Javascript\'s MATH object has a random method that returns from the set [0,1) 0 inclusive, 1 exclusive. Is there a way to return a truly random method that includes 1.

Answer 1

Since this question has been asked again, and I didn't read this approach here I'll add another answer.

IMO the best you can do, without too much hassle would be:

exclusive:

//simply ignore the 0
for(var rand=0; !rand;rand = Math.random());

//or simpler:
var rand = Math.random() || Math.random();
//because the probability for two consecutive `0` is pretty much non existant.

this doesn't even introduce an error, since we just excluded the possibility of returning 0, every other value between 0 and 1 has the same probability

inclusive:

var rand = Math.random() * 2;
if(rand > 1) rand-=1;
//so the 0 shares it's probability with the 1.
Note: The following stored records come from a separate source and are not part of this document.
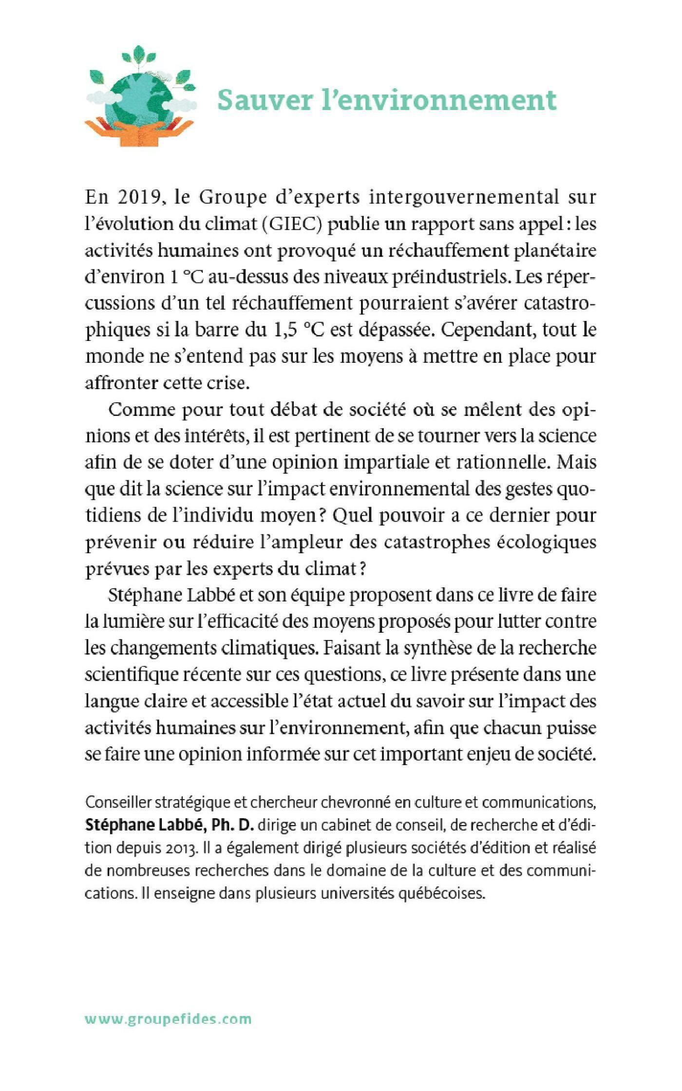 En 2019, le Groupe d’experts intergouvernemental sur l’évolution du climat (GIEC) publie un rapport sans appel : les activités humaines ont provoqué un réchauffement planétaire d’environ 1 °C au-dessus des niveaux préindustriels. Les répercussions d’un tel réchauffement pourraient s’avérer catastrophiques si la barre du 1,5 °C est dépassée. Cependant, tout le monde ne s’entend pas sur les moyens à mettre en place pour affronter cette crise.Comme pour tout débat de société où se mêlent des opinions et des intérêts, il est pertinent de se tourner vers la science afin de se doter d’une opinion impartiale et rationnelle. Mais que dit la science sur l’impact environnemental des gestes quotidiens de l’individu moyen? Quel pouvoir a ce dernier pour prévenir ou réduire l’ampleur des catastrophes écologiques prévues par les experts du climat?Stéphane Labbé et son équipe proposent dans ce livre de faire la lumière sur l’efficacité des moyens proposés pour lutter contre les changements climatiques. Faisant la synthèse de la recherche scientifique récente sur ces questions, ce livre présente dans une langue claire et accessible l’état actuel du savoir sur l’impact des activités humaines sur l’environnement, afin que chacun puisse se faire une opinion informée sur cet important enjeu de société.
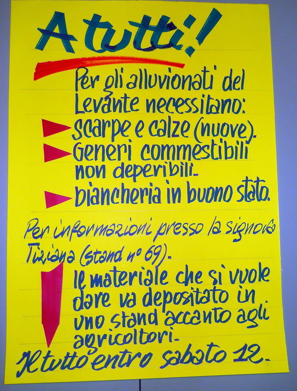 Molti commercianti di Sanremo si stanno adoperando per aiutare gli alluvionati del Levante ligure. Al Mercato Annonario e in diverse zone della città sono presenti i cartelli che invitano i sanremesi ad aiutare le persone colpite dal maltempo nel genovesato e nello spezzino.
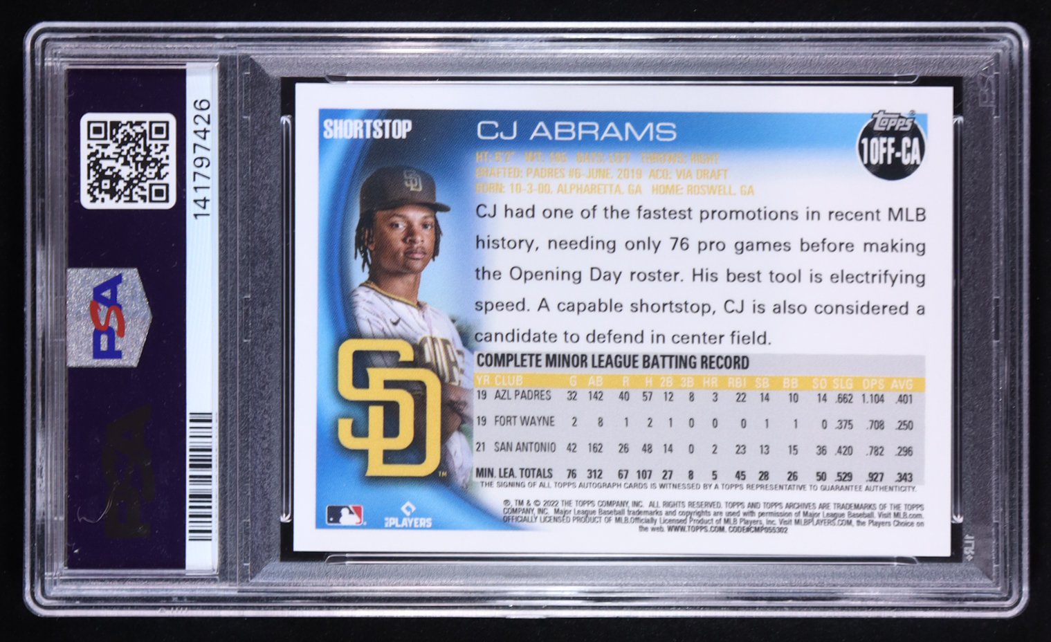 CJ Abrams 2022 Topps Archives '10 Fan Favorites Autographs #10FFCA RC (PSA 10)
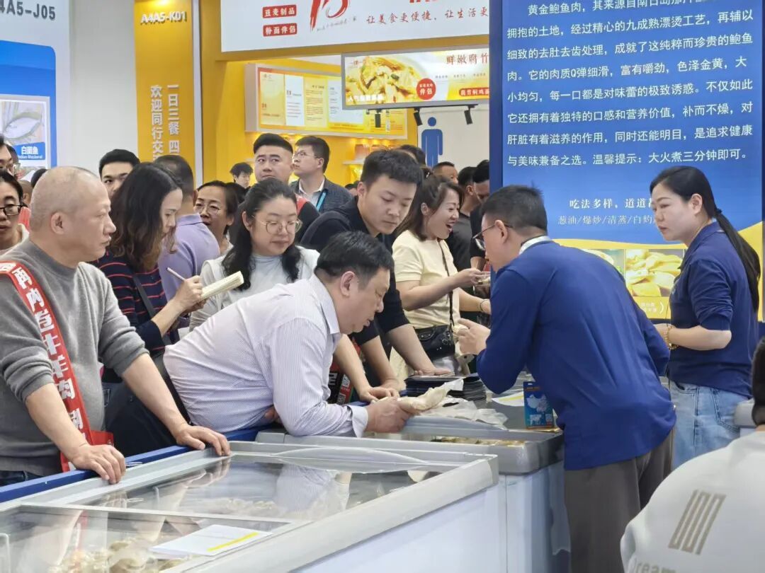 据悉,良之隆中国食材电商节素有“中国食材供应链第一展”的美誉。展会期间,海和惠食品展位前人头攒动。南日鲍黄金肉系列凭借国家地理标志产品的独特优势,吸引众多餐饮采购商和专业观众驻足品尝、咨询,现场订单不断,充分彰显出其强大的市场吸引力。
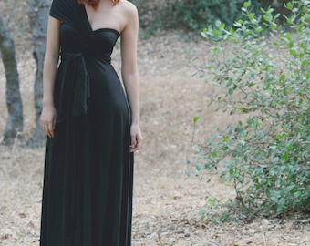 Black Coral Long Maxi Infinity Dress-Long Octopus Infinity Wrap Gown- Bridesmaids, LBD, Cocktail Dress
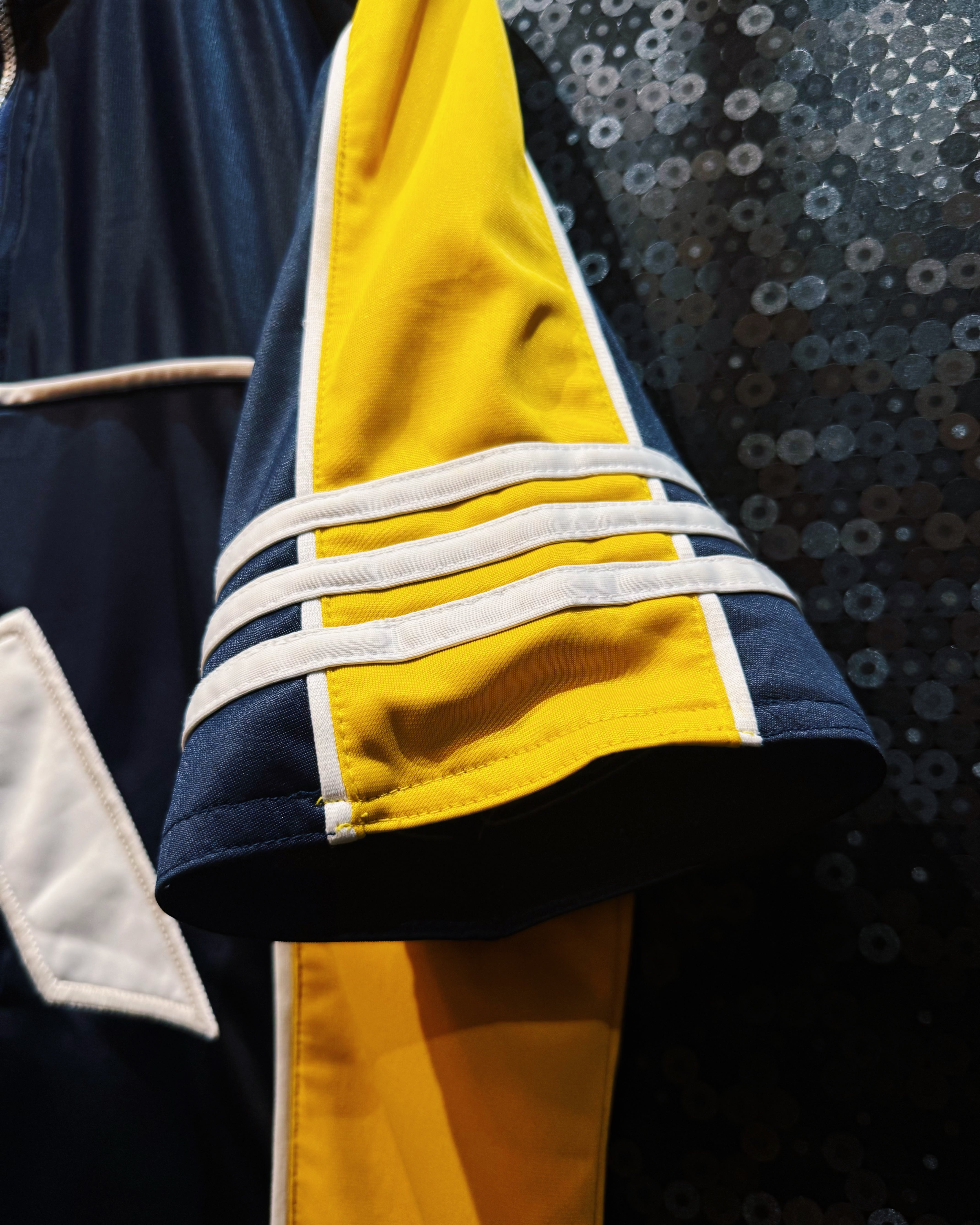 ブラックとイエローの鮮烈なカラーリングにホワイトのパイピングとスリーストライプスが走るデザインは、90’s〜00’sらしいスポーツミックス感を強調している。
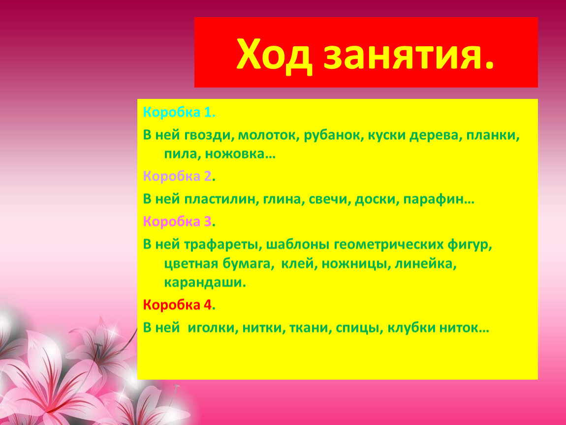 (На столе 4 коробки, в каждой инструменты).
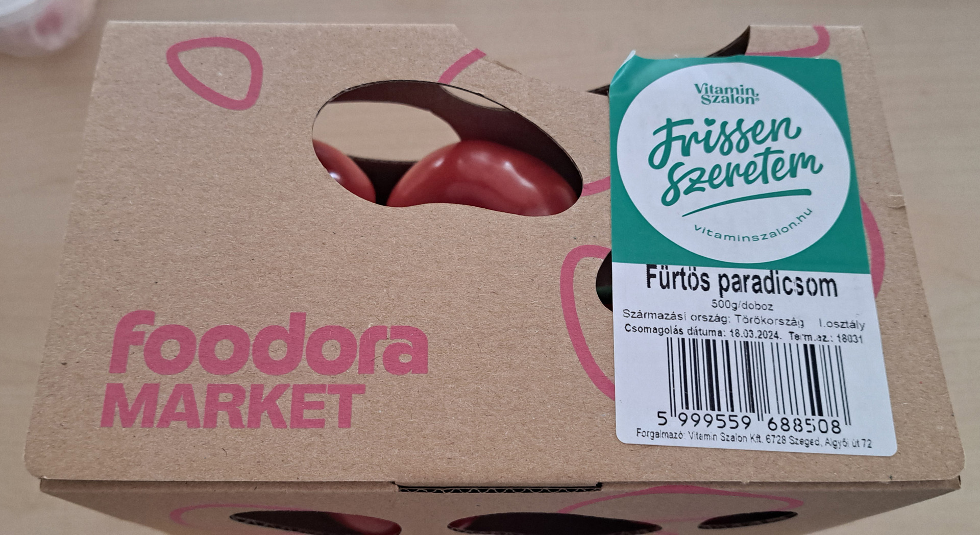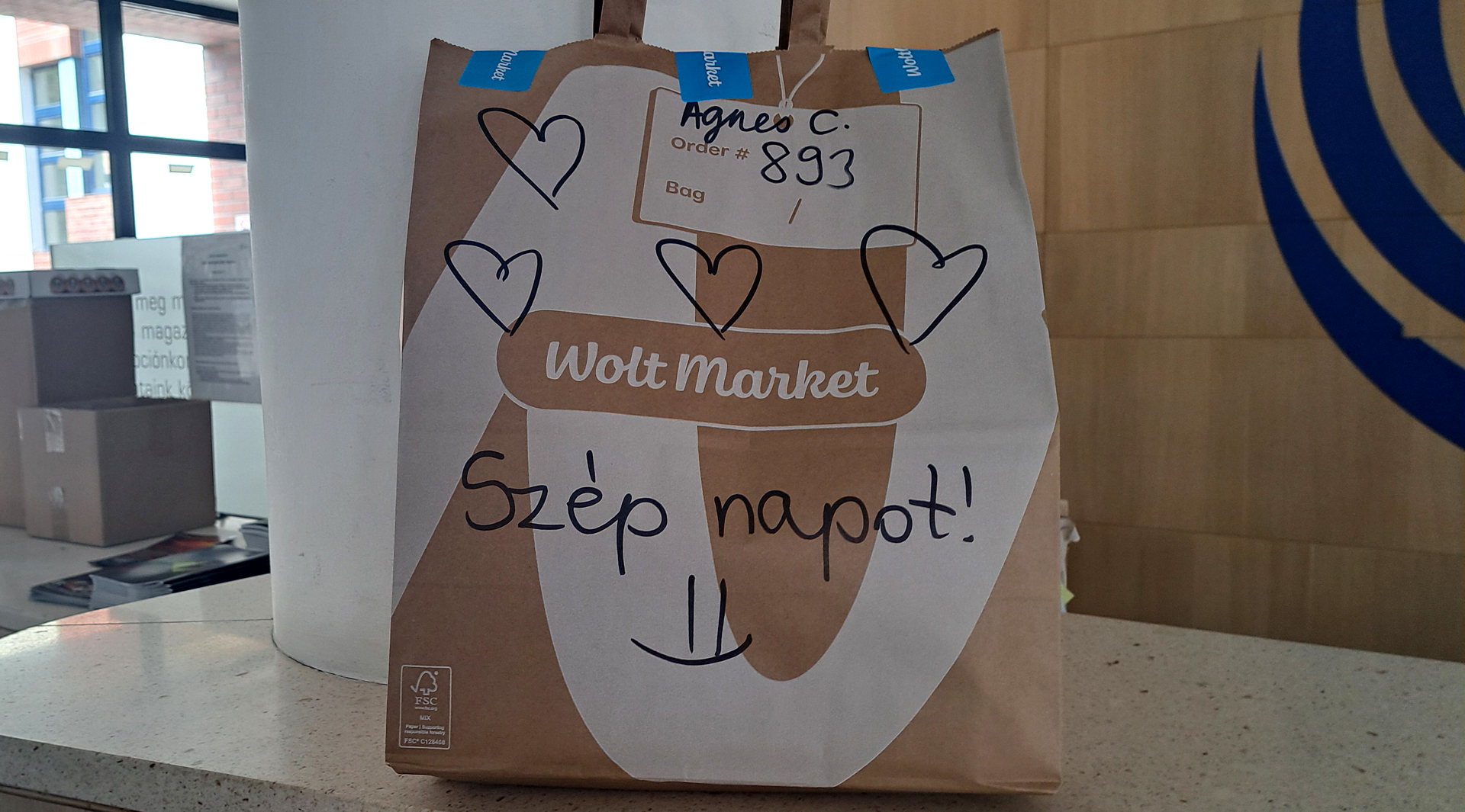 Nem vitás, hogy a Wolt átlagosan 50 perces szállítási ideje aranyat tud érni. Most már itt is lehetünk tagok, ennek ára 1.490,- Ft, ami kedvezményeket és sok helyről ingyenes szállítást jelent. Bár náluk is elérhető több üzlet, mi természetesen itt is a saját boltot, vagyis a Wolt Marketet teszteltük. A kiszállítás alapdíja 599,- Ft volt, ehhez társult 544,- Ft minimum rendelési összeg felár, valamint 160,- Ft szolgáltatási díj, furcsa módon azonban szerepelt a számlán egy -599,- Ft-os szállítási kedvezmény, amit nem értettünk, viszont örültünk neki. Volt viszont valami, amit nem csak bosszantónak, hanem egyenesen dühítőnek tartottunk. Úgy alakult, hogy két külön csomag is érkezett a cégtől. Ennek megérkezéséről pedig teljesen véletlenül szereztünk tudomást. Egyik alkalommal úgy, hogy észrevettünk egy csomagot, mely a recepción árválkodott és gyanússá vált. Másik alkalommal azért, mert lestük a telefont, majd jól megalapozott sejtéssel körülnéztünk ismét a recepción. A futár nem telefonált, a szatyorra nem írták rá a nevemet: mindkét futár nemes egyszerűséggel letette az irodaház recepciójának pultjára a csomagot anélkül, hogy a vásárlónak ezt jelezte volna és anélkül, hogy a szatyor bármilyen módon felismerhető lett volna. Mi lenne, ha egy ekkora épületben ebédidő környékén többen is szállítást várnánk a cégtől? Végigtúrnánk a név nélküli, magára hagyott szatyrokat, hogy rájöjjünk, melyik a miénk? Az már csak hab a tortán, hogy persze itt is volt a termékek között nyers hús, amely romlandó holmi… És bár az egyes árucikkek szépen, külön csomagolva kaptak helyet a csomagban, sőt még szívecskéket is rajzoltak annak külsejére, azért nem baj, hogy túl sokáig nem váratott magára a szatyor, mert a hús szavatossági idejéből már így is csak 2 nap volt sajnos hátra. Viszont legalább a paradicsom szép volt itt is.
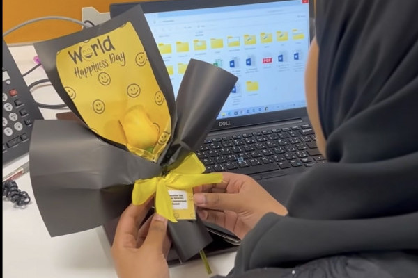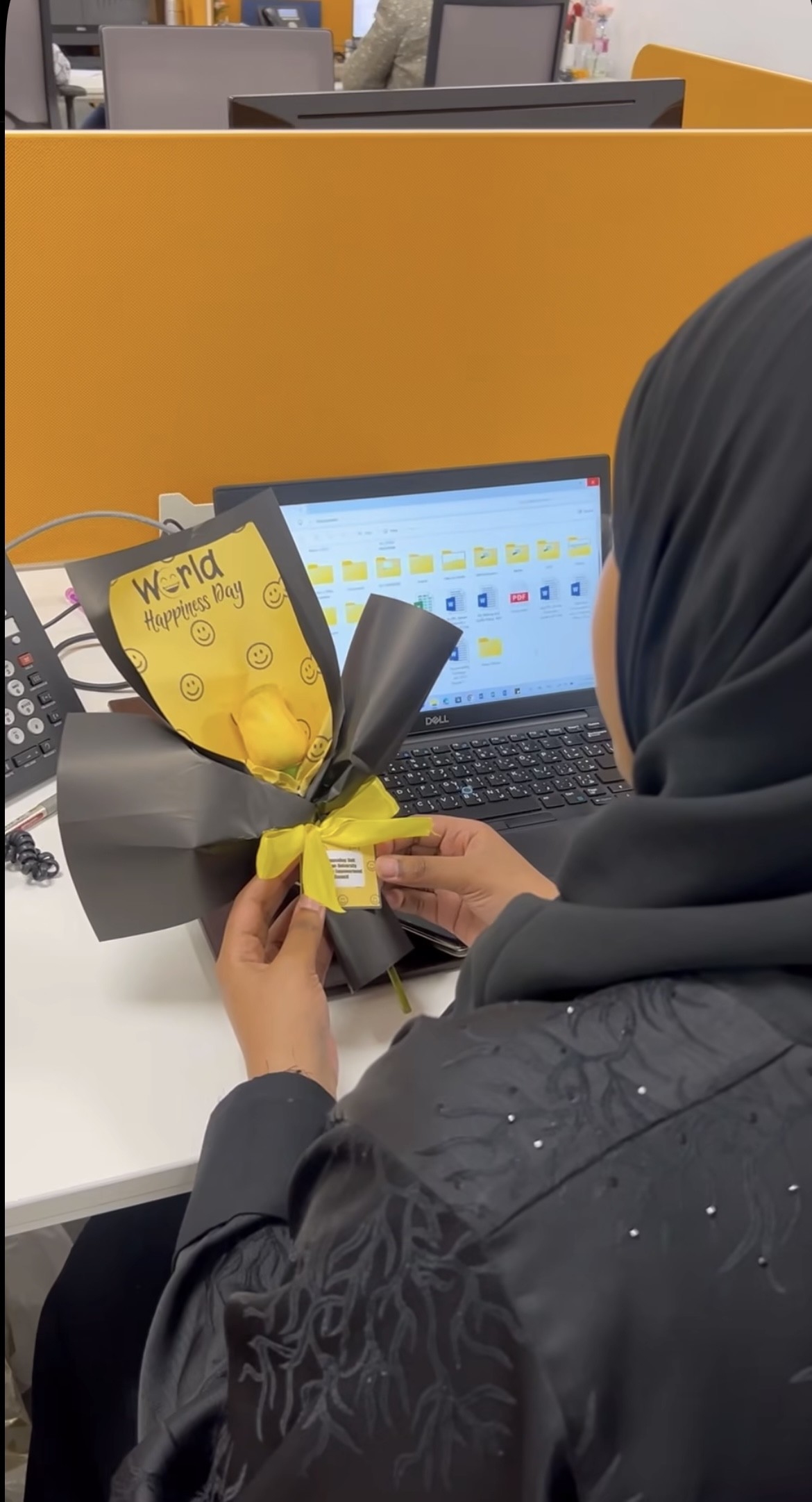 Activities included posting a social media video for Happiness Day, distributing smiley face pins at Ajman University, and creating a poster for members to share what makes them happy. An event titled "Feel Happy and Make Others Happy" was also held, where university offices were visited with gift boxes. Employees selected a present for themselves and one to share with a colleague, aiming to foster workplace happiness and joy.
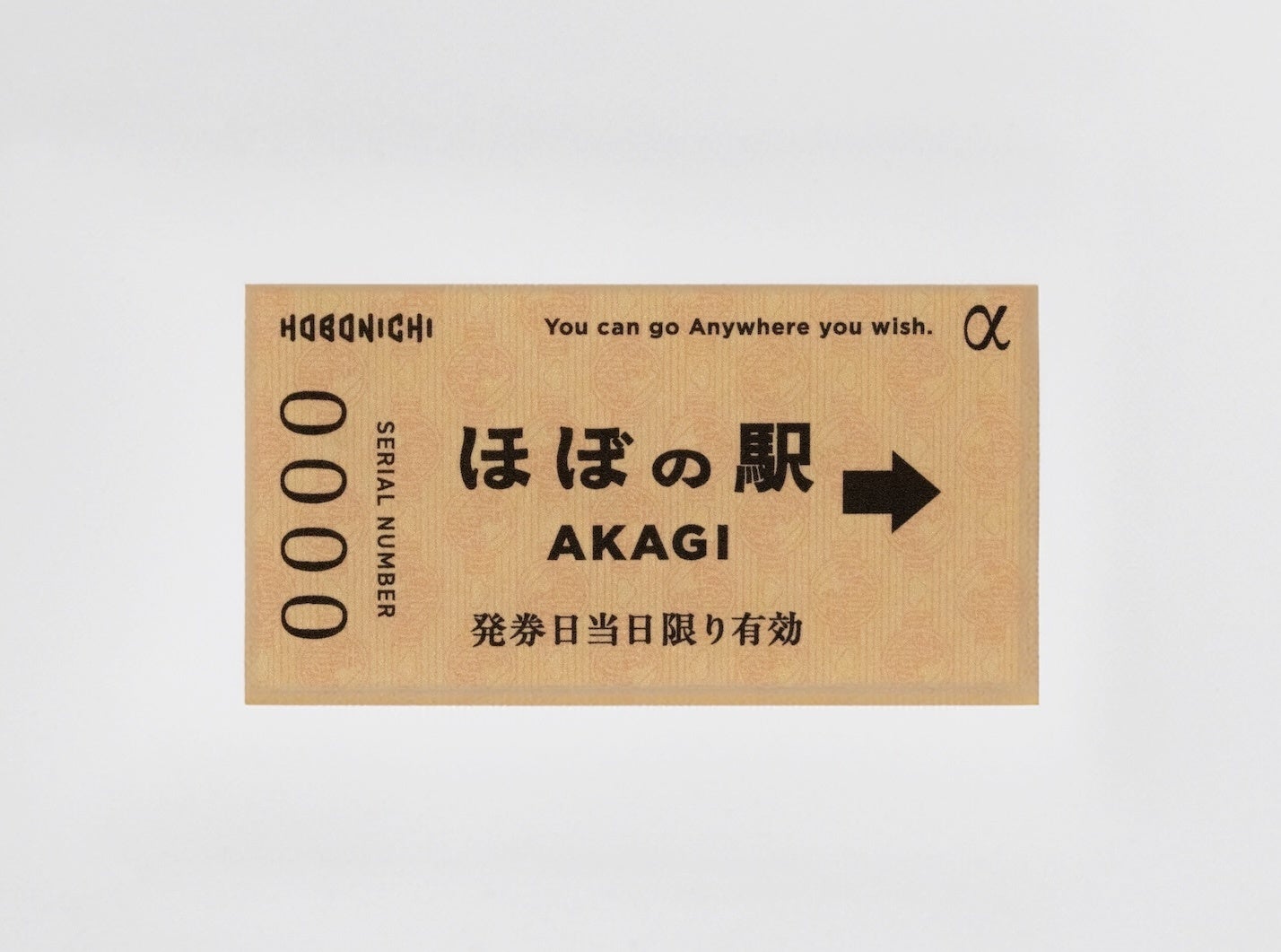 もともと駅だった建物を、ほぼ日が運営するので「ほぼの駅 AKAGI」。旧駅舎の骨格や外観を残しつつ、駅らしさを意識しながらリニューアルしました。施設のロゴも切符をモチーフにしたもの。グランドオープンは、2026年春の予定ですが、2025年11月1日より「α[アルファ]オープン」という呼び方で試験開業をはじめます。赤城山に来たら気軽に立ち寄れて、絶景を見ながらのんびりでき、この場所ならではのおいしいものをたのしめて、ほぼ日のアイテムも買える場所です。ぜひお立ち寄りください。オープン記念企画として、11月1日13時30分より、先着1101名様に、特製の記念切符を差し上げます。
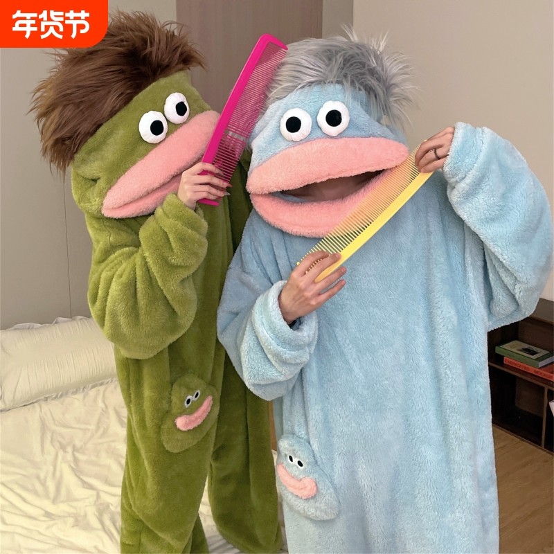 情侣丑鱼女款连体睡衣冬季珊瑚绒加厚保暖亲子搞怪大嘴怪睡袍加绒

just to be clear about how tiny the "error" is:

• the probability for a 0 or a 1 is
  1 / Math.pow(2, 54) or about 5.55e-17
• the probability for any other value between 0 and 1 is
  1 / Math.pow(2, 53) or about 11.1e-17

and the whole random-function would be:

function random(min, max, inclusive){
    var r = Math.random();
    if(inclusive)
        r = r>0.5? 2*r-1: 2*r;
    else 
        while(!r) r = Math.random();

    return r * (max - min) + min;
}

Edit: I'm not sure wether I make a mistake, but shouldn't the probability be fixed on the inclusive approach, if I add another bit to the zeroes and ones, and therefore duplicate their probability:

var rand = Math.random() * 4;
rand = (rand % 1) || (rand & 1);